Matto admitted that he was concerned Botti was in trouble.

“I don’t see what it could look like, it was higher and higher,” he said.

Still, Matto told the court that the free architectural drawings he gave Lauretti didn’t do him much good when he was trying to develop a property off Rocky Rest Road. When Matto came into conflict with the Planning and Zoning Commission, he turned to Lauretti for help.

The mayor, he said, hasn’t done much for him.

“It’s not that he couldn’t do it,” Matto said. “I don’t think he tried.
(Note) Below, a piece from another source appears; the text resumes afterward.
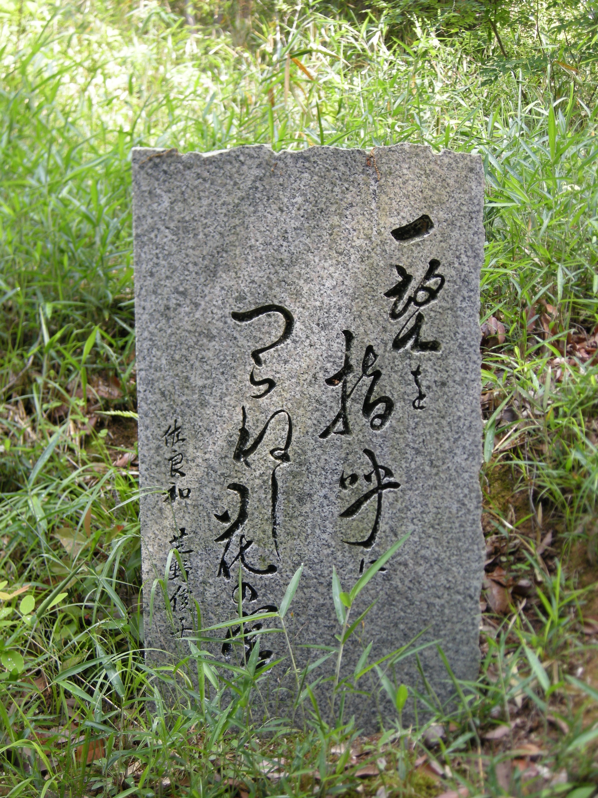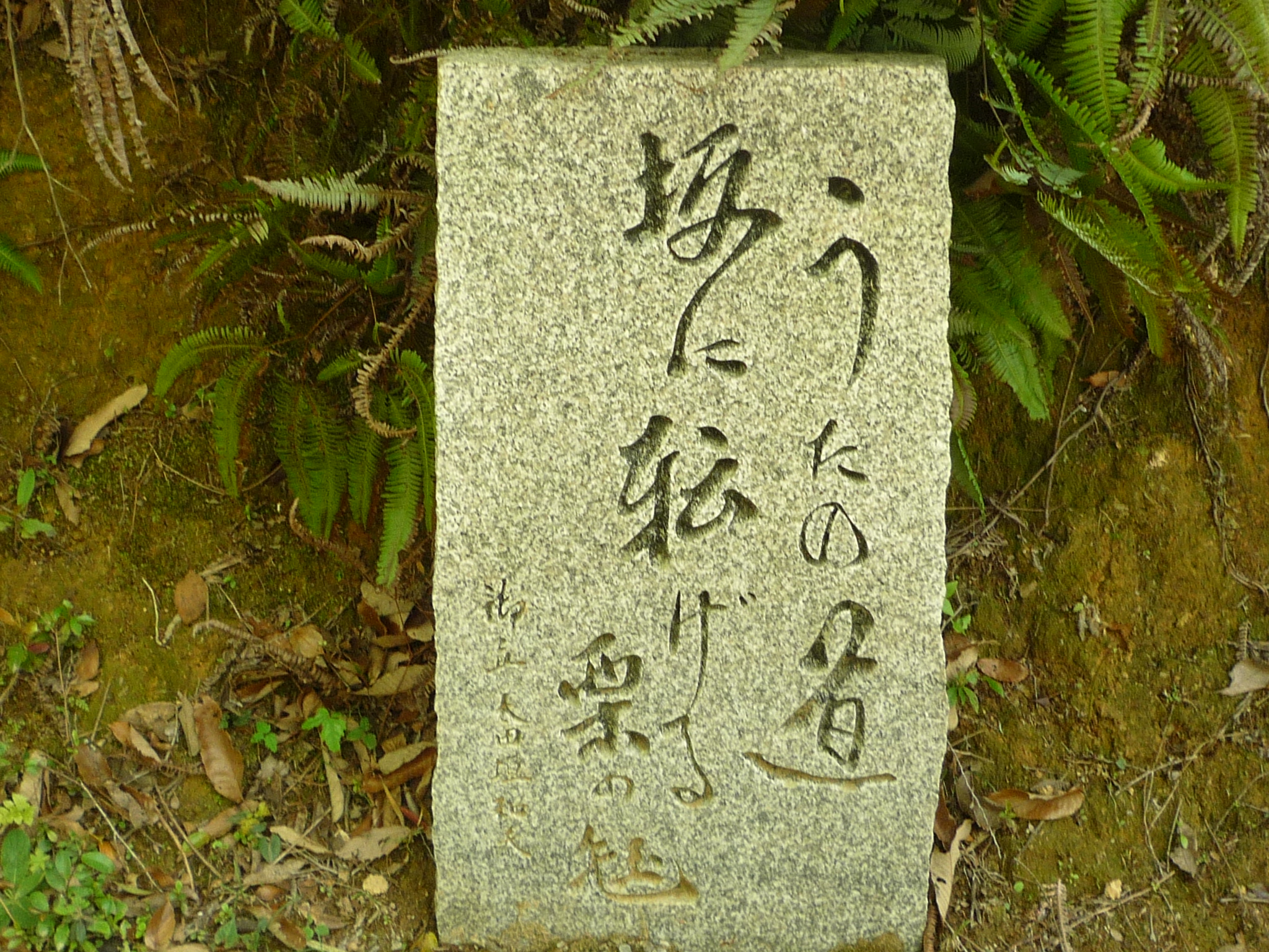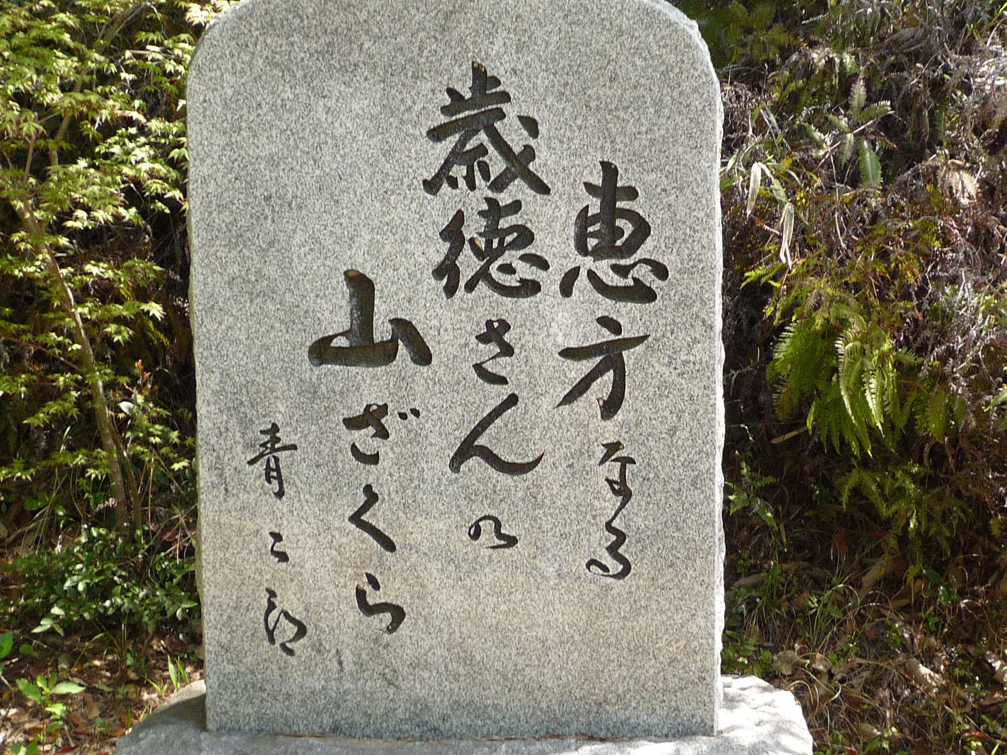 平成の始めに歳徳神社の奥の院が修復されるにあたり、資材の運搬の為に裏参道が造られました。自然豊かなこの裏参道の傍らに信者の歌碑、句碑を奉納しては如何かという話が持ち上がり、歳徳神社世話人、各種団体の賛同の元に一基、又一基と同好の詩心を寄贈願って数を増やしてきました。そして、本年四月、青門俳句会主宰の高木青二郎氏の句碑建立を機に句碑開きをして今に至っております。

Still, Matto claimed Lauretti asked him for help raising the roof line of his house. “I made a sketch for him,” he says. “He never asked me to draw plans.

But it didn’t end with plans or Lauretti.

Thomas D’Addario, of the D’Addario car dealership in Shelton, explained a series of three-day vehicle trades and purchases that would have allowed Botti to sell his 2006 dump truck to Elliot Wilson, the manager of the city ​​building, for $ 4,000. below market value. Wilson pleaded guilty in February to lying to a grand jury in the case.

They learned from Barry Mucci, another Shelton developer, how Alvaro DaSilva, then chairman of the Inland Wetlands Commission, was the silent partner in what turned out to be an unsuccessful plan to transform an animal hospital on Todd Road. into a residential development.

“Al DaSilva is a co-conspirator in this matter,” Dow told Mucci, who immediately raised objections from the prosecution.

DaSilva is expected to testify later.

Coming back to Botti, Mucci – who did excavation work for Botti – said he “was often fuming and raving … One of his famous phrases was: ‘The mayor owes me’. He said it several times. “

In his opening remarks, Schechter told the court: “James Botti and Mark Lauretti fell out” after the scandal that enveloped the government of the day. John G. Rowland went public on December 13, 2003.

Within weeks, he told the jury that Lauretti had paid the bills, but Botti redirected the money to the mayor in several ways, including hosting a $ 9,000 Christmas party at a restaurant the mayor owned in the city. ‘era.

In his opening remarks, Dow conceded: “There is no doubt that James Botti has done a favor for his childhood friend, Mark Lauretti.”

In 2002, Dow admitted that Botti had helped “organize work for Mark Lauretti’s house.”

At the same time, the attorney said Lauretti had done nothing for Crown Point and Kings Point, the two Bridgeport Avenue commercial properties that Botti was developing during this period.

“There is no doubt that the mayor fought for his friend in 2006 for the development of 828 Bridgeport Ave. because it was good for the community,” said Dow, referring to another of Botti.